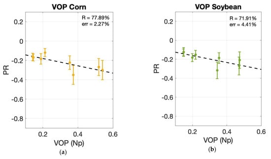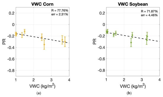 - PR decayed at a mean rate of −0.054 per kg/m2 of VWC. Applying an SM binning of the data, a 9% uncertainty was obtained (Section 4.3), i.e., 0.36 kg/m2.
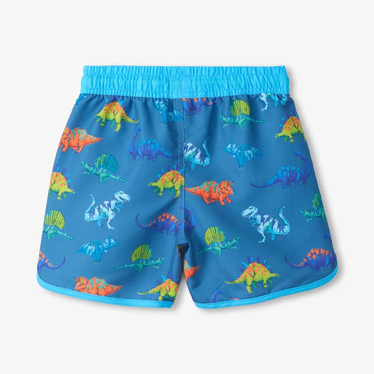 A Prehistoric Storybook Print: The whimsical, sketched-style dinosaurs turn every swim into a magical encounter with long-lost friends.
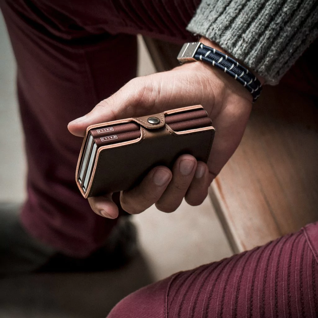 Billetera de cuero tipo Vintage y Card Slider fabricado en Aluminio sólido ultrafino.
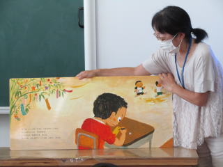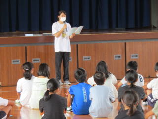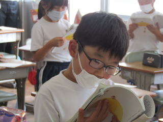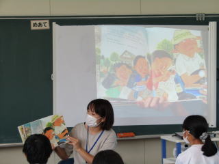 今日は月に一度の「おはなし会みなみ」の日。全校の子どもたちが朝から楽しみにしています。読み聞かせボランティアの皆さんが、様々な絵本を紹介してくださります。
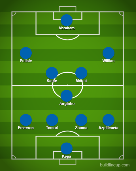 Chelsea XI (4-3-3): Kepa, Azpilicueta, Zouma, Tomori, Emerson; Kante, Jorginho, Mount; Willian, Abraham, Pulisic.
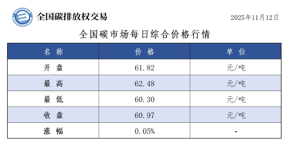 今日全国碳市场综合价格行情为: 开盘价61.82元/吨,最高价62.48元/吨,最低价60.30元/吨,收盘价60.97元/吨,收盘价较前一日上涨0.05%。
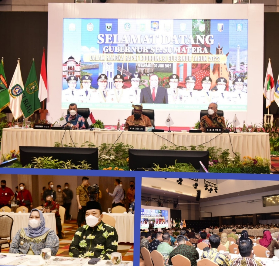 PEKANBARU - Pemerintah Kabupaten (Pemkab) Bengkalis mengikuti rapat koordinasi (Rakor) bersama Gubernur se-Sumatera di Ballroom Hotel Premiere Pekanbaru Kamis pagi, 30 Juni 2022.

....

Work instructions: Treating the line with "今日は月に一度の「おはなし会" as the last line to include, retype the records exactly from their first line, excluding pictures.

Completed exercise:
 - PR decayed at a mean rate of −0.054 per kg/m2 of VWC. Applying an SM binning of the data, a 9% uncertainty was obtained (Section 4.3), i.e., 0.36 kg/m2.
 A Prehistoric Storybook Print: The whimsical, sketched-style dinosaurs turn every swim into a magical encounter with long-lost friends.
 Billetera de cuero tipo Vintage y Card Slider fabricado en Aluminio sólido ultrafino.
 今日は月に一度の「おはなし会みなみ」の日。全校の子どもたちが朝から楽しみにしています。読み聞かせボランティアの皆さんが、様々な絵本を紹介してくださります。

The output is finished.